_Given data_:

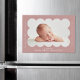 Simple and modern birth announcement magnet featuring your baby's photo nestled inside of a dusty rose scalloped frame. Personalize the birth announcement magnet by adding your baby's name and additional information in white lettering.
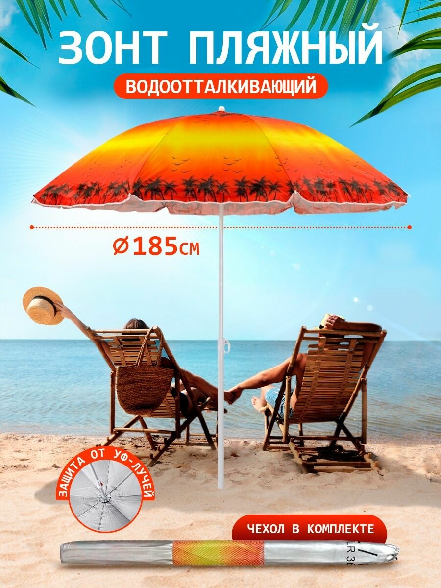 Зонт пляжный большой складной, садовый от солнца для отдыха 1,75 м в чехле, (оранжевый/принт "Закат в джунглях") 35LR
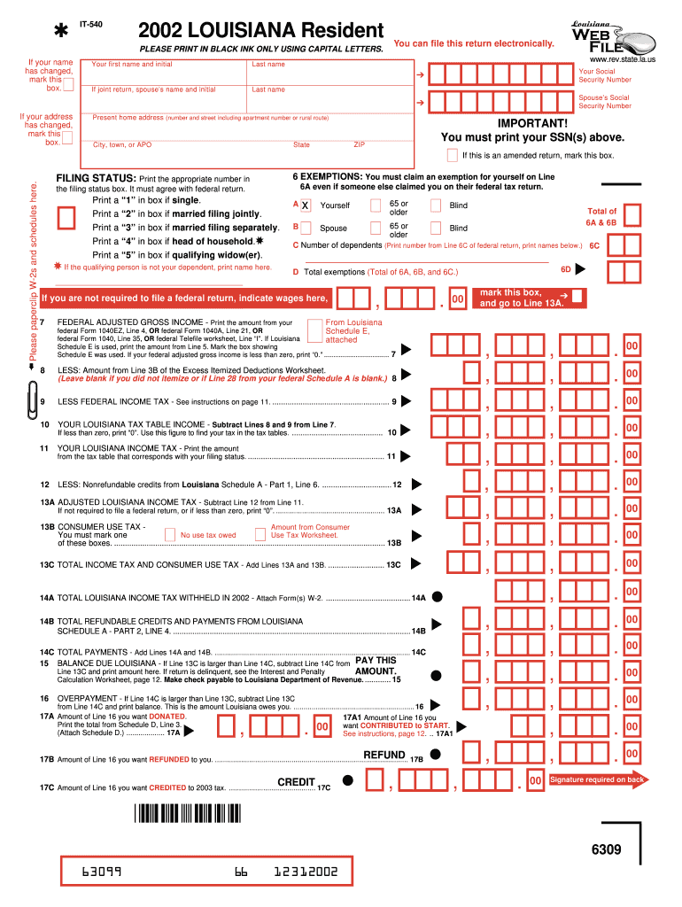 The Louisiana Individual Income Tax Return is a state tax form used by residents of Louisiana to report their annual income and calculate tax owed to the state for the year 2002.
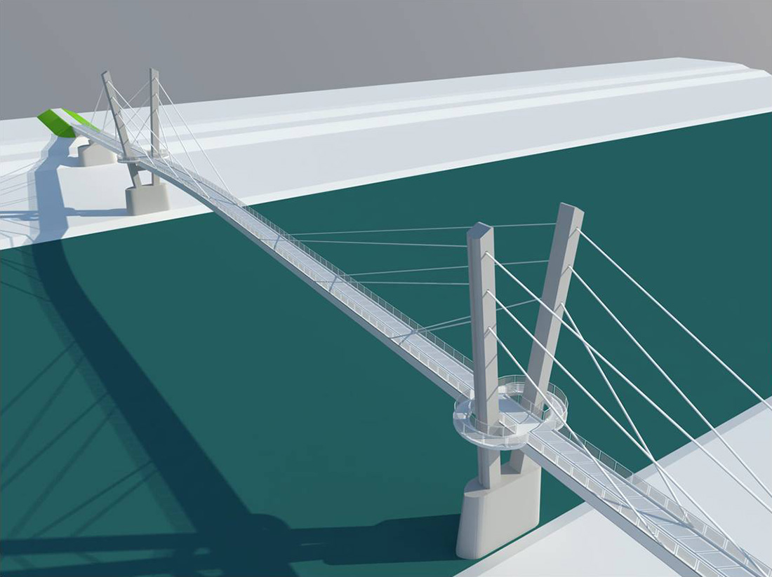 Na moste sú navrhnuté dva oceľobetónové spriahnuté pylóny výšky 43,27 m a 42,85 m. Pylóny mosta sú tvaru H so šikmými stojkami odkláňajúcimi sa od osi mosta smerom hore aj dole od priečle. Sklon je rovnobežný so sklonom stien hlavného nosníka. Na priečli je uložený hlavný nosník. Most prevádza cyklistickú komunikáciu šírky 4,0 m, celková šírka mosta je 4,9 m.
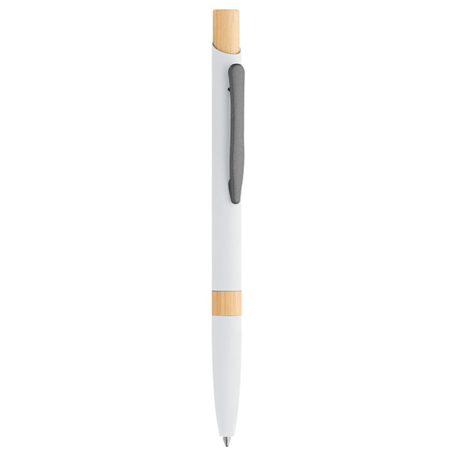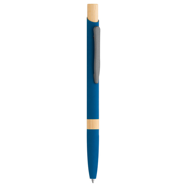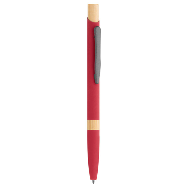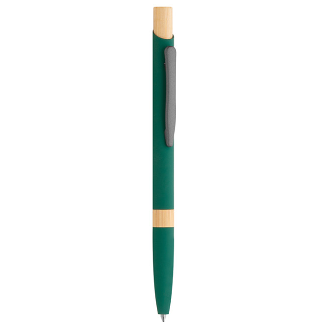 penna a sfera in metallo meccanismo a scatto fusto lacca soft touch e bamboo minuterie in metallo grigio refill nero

* * *

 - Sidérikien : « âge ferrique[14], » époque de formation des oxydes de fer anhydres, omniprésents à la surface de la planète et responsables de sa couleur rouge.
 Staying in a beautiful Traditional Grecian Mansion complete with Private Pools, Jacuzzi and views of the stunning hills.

--

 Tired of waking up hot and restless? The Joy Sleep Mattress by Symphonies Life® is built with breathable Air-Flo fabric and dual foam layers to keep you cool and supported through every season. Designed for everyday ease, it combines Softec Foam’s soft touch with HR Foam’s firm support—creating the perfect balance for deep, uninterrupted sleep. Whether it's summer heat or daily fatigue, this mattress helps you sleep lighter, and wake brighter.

_Work item_:
For each line of the material that contains "with", return a copy.

_Result below_:
 Staying in a beautiful Traditional Grecian Mansion complete with Private Pools, Jacuzzi and views of the stunning hills.
 Tired of waking up hot and restless? The Joy Sleep Mattress by Symphonies Life® is built with breathable Air-Flo fabric and dual foam layers to keep you cool and supported through every season. Designed for everyday ease, it combines Softec Foam’s soft touch with HR Foam’s firm support—creating the perfect balance for deep, uninterrupted sleep. Whether it's summer heat or daily fatigue, this mattress helps you sleep lighter, and wake brighter.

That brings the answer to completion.